The survey revealed other pain points for employers, including lack of price and contract transparency, drug cost transparency, and lack of visibility into benefit utilization. Employers are more curious now about alternative funding or other options for prescription coverage and for their employees, Barnes said. “These run the gamut from copay assistance programs, patient assistance programs, to even offshore sourcing of drugs,” she said. “There's a lot of misinformation in the market around these programs and employers in partnership with their brokers are just looking for a source of truth.”

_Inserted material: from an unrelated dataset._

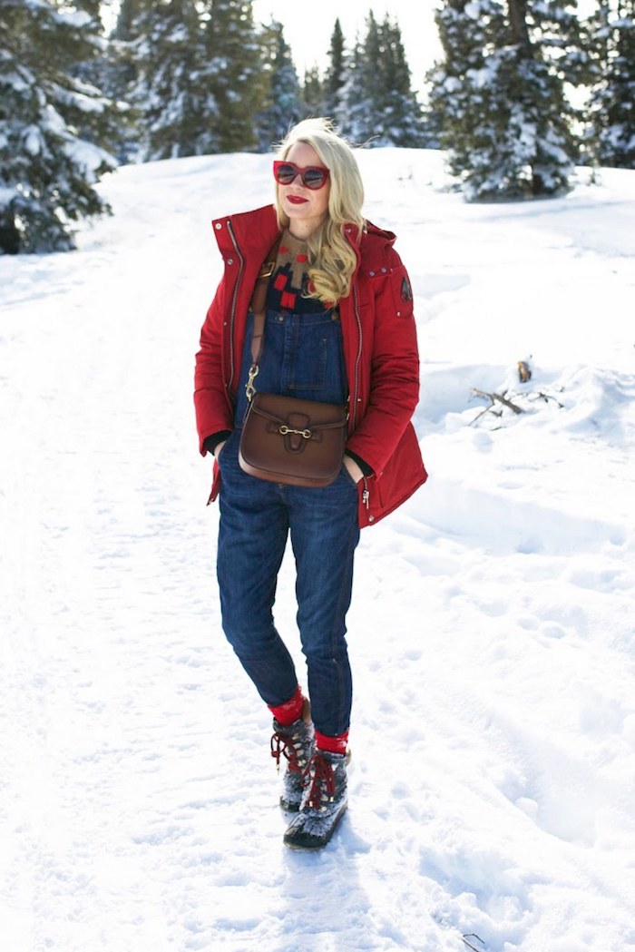 Komplette outfits rote winterjacke sonnenbrille schnee schie fahren frisur mit locken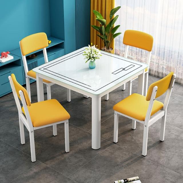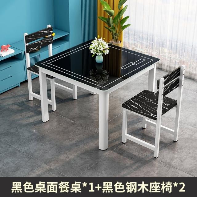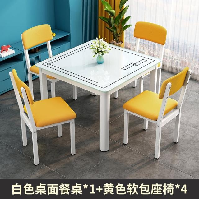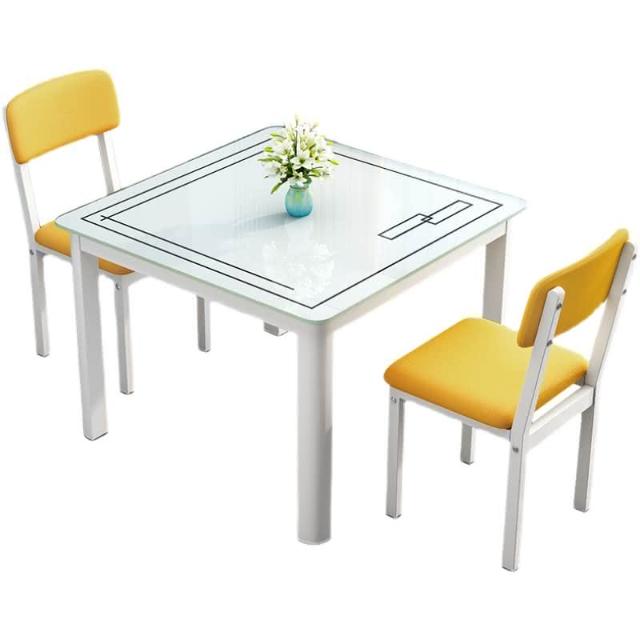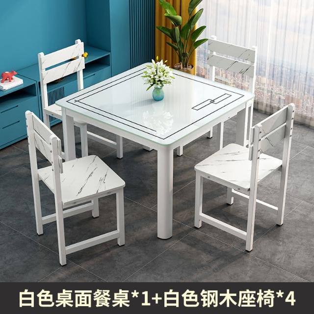 8V鋼化玻璃餐桌簡約正方形家用吃飯四方桌子速食店小戶型餐桌椅組

Employers want to understand the true costs of medications and the tools available to access care for their employees at the most practical, affordable cost, added Mark Campbell, vice president at RxBenefits. “Employers want to know what kind of solutions are available to them to manage both the trend and the potential volatility that can come from having a member on your plan that has a new condition that’s going to cost 100,000 or $200,000, a year or more.”
Campbell said another factor driving the specialty trend is that many of the newer therapies are going to be persistent with higher life-time costs. Novartis’ Gleevec (imatinib) was the first of these type of therapies, he said. Gleevec was approved in 2001 to treat patients with chronic myelogenous leukemia (CML), a rare form of cancer that affects certain types of white blood cells. The therapy transformed the treatment of cancer and established that cancers can be targeted to the specific genes involved.
“These drugs work and they are a benefit to people, but they are very expensive and the lifetime cost is much more protracted than what we’re accustomed to on the past,” he said.